Stephen J. Turnbull wrote:

 > >>> When someone e.g. tries to implement such a feature,
 > >>> he or she is missing the point.
 > >>
 > >> Maybe so, but that doesn't mean that seeing the right username in ls -l
 > >> output is a bad thing. It's useful.

Coda doesn't have an equivalent to "owner" or "group" rights.  The
question is "what do you propose to put there?"

That is a good point. I hadn't thought about it initially, but I guess ACLs are different to owner/group permissions. In an ACL system there is no such a thing as an owner. A very good point.

Sure, in your situation you may wish to (attempt to) emulate POSIX
semantics, but Coda's suite of operations can't be restricted to that.

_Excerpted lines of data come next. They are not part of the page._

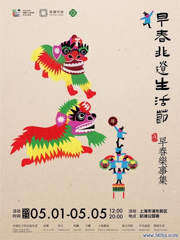 5月1日至5日,早春乐事集第26回、早春非遗生活节将在浦东新区前滩公园巷和晶耀前滩举办。早春乐事集是一个专注呈现全国各地非遗物产的市集,去年在上海举办的非遗手工节大受欢迎,这次在五一期间带来早春非遗生活节,以非遗手艺在生活中的创新呈现为主题,将有108位非遗创意人士参与。5月1日至4日,每天将有15:30、18:00、19:30三个时段,由福建宁德线狮少年队与上海马桥手狮舞队在前滩公园巷联袂呈现非遗剧场“线狮少年”。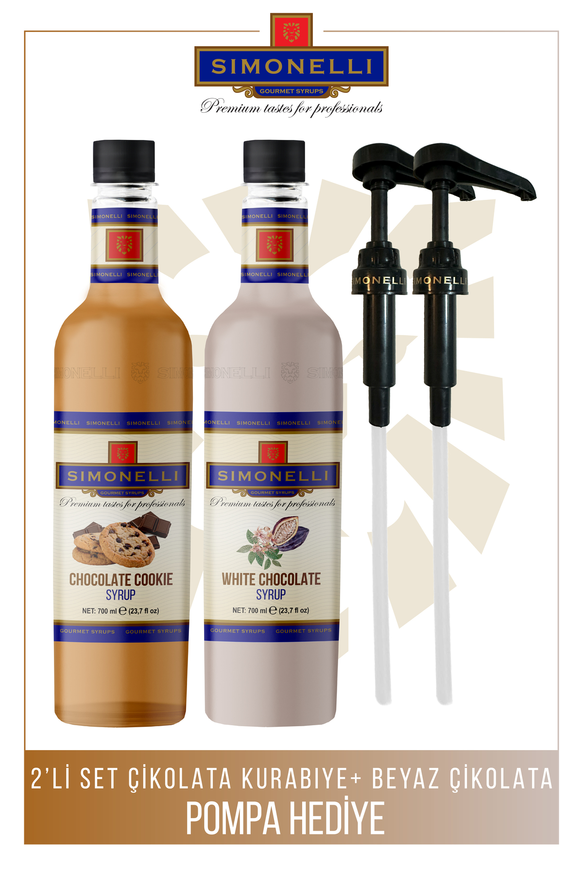 Simonelli Kahve ve Kokteyl Şurubu 2’li Çikolatalı Kurabiye Beyaz Çikolatalı 700 ml Pompa Hediye ürünü ucuz fiyat, hızlı kargo imkanı ile hemen sitemizden sipariş verin.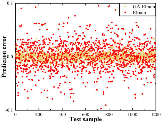 The transmittance prediction of the Elman and GA-Elman algorithms on transmission can be seen in Figure 5. To provide a quantitative analysis of the performance improvements made to the Elman algorithm, we present the prediction errors of GA-Elman and Elman for 1200 sets of test samples, as shown in Figure 6. Prediction error refers to the difference between the value of the transmittance output of the predicted model and the real value when we input the depth and distance.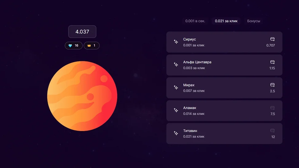 Монеты можно тратить в магазине. При старте будет доступно 0.1 монет. На них сразу можно купить звезду «Сириус», чтобы прокачать доход за клики.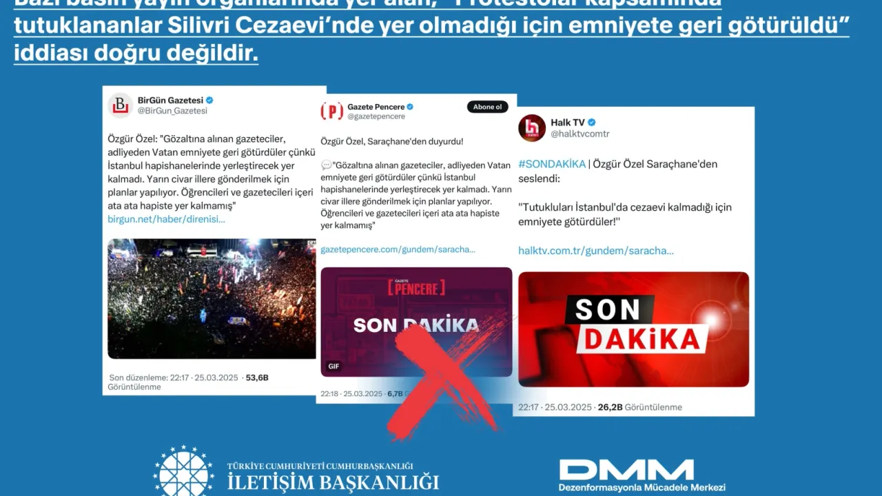 İstanbul'daki protestolar kapsamında tutuklananların Silivri Cezaevi’nde yer olmadığı için emniyete geri götürüldüğü yönündeki iddianın gerçeği yansıtmadığı belirtildi.ANKARA (İGFA) - Açıklama İletişim Başkanlığı Dezenformasyonla Mücadele Merkezi'nden geldi.

> database. I know this sounds crazy, but maybe a ls replacement wrapper > that calls ls or coda's equivalent depending on what is mounted?

Seems reasonable, but it shouldn't be called "ls".

Except, as you just pointed out, ACLs and owner/group semantics are so fundamentally different that the best ls can hope to achieve is either not list the owner/group at all, or list them as some special value (e.g. "coda"). So might as well not bother.

Just out of interest - is chowning files in coda meaningful? Or does it just change the ls listed info and not change access rights in any way?